# Explore UK Crime Data with Pandas and GeoPandas


## Table of Contents

1. [London boroughs](#boroughs)<br>
2. [Crime data](#crime)<br>
    2.1. [Load data](#load2)<br>
    2.2. [Explore data](#explore2)<br>

In [None]:
import pandas as pd
import geopandas as gpd
import geoplot 
from shapely.geometry import Point, LineString, Polygon
import matplotlib.pyplot as plt
from datetime import datetime

%matplotlib inline

<div class="alert alert-danger" style="font-size:100%">
When you are using <b>Watson Studio</b> to run the workshop you will need to add the project token to your notebook that you created earlier to be able to access the shape files. 
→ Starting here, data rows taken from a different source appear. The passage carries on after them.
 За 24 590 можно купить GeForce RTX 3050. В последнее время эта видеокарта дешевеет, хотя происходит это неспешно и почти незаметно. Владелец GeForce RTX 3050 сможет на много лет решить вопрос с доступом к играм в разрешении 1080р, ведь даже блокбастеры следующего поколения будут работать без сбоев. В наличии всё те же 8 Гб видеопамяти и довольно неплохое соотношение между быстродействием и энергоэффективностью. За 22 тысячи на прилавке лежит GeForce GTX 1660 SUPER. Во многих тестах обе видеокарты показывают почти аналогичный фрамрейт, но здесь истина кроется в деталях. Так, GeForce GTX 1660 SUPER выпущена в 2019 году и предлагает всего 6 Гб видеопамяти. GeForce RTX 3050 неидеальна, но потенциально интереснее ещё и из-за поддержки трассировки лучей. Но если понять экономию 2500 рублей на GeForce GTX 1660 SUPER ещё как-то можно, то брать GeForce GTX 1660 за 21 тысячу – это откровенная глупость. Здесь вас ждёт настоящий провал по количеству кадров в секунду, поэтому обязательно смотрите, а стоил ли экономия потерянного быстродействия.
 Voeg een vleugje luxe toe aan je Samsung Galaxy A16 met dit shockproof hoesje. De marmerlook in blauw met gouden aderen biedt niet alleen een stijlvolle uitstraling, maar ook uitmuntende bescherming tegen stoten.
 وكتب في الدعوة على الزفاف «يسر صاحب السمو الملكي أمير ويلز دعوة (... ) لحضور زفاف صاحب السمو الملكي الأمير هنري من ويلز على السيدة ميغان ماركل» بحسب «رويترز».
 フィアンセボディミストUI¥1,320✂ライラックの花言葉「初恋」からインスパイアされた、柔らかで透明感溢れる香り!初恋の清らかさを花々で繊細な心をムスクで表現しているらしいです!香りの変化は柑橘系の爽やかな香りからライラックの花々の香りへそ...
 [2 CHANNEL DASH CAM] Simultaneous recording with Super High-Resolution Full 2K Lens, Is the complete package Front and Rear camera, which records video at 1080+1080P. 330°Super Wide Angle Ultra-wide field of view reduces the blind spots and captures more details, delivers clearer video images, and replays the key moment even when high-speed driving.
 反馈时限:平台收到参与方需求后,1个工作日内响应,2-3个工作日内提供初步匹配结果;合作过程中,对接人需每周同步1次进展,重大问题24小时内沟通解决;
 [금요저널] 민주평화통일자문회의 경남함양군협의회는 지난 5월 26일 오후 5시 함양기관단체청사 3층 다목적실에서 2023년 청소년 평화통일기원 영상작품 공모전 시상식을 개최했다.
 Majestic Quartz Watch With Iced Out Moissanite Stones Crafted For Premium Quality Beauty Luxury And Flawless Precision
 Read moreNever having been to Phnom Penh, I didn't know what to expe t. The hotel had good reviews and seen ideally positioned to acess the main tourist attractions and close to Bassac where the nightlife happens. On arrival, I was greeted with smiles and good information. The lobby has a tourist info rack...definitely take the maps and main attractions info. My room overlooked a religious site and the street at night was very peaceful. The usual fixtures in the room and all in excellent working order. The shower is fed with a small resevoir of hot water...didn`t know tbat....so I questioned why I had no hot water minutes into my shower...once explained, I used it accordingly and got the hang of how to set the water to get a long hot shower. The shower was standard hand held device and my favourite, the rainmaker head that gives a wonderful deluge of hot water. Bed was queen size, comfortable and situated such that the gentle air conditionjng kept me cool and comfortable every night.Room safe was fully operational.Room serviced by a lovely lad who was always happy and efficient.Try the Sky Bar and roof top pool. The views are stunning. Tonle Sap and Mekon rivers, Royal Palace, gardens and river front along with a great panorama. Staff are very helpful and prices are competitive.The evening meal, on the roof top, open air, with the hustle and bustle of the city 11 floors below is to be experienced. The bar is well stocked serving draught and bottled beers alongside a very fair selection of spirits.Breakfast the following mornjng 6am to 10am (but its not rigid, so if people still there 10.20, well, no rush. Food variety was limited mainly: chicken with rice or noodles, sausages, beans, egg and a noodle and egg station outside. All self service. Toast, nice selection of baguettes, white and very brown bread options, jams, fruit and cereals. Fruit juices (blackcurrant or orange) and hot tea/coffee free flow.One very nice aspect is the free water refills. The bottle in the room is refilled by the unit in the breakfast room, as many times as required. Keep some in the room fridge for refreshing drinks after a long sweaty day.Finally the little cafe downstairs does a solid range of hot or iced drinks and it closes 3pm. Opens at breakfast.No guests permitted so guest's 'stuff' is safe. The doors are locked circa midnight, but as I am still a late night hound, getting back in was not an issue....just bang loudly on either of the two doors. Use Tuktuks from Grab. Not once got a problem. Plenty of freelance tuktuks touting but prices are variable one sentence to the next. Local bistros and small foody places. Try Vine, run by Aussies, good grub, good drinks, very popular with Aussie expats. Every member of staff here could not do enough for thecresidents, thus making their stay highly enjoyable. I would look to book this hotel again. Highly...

* Click the 3 dots at the top of the notebook to insert the project token. This will create a new cell in the notebook that you will need to run first before continuing with the rest of the notebook. If you are sharing this notebook you should remove this cell, else anyone can use you Cloud Object Storage from this project.

If you cannot find the new cell it is probably at the top of this notebook. Scroll up, run the cell and continue with the rest of the notebook.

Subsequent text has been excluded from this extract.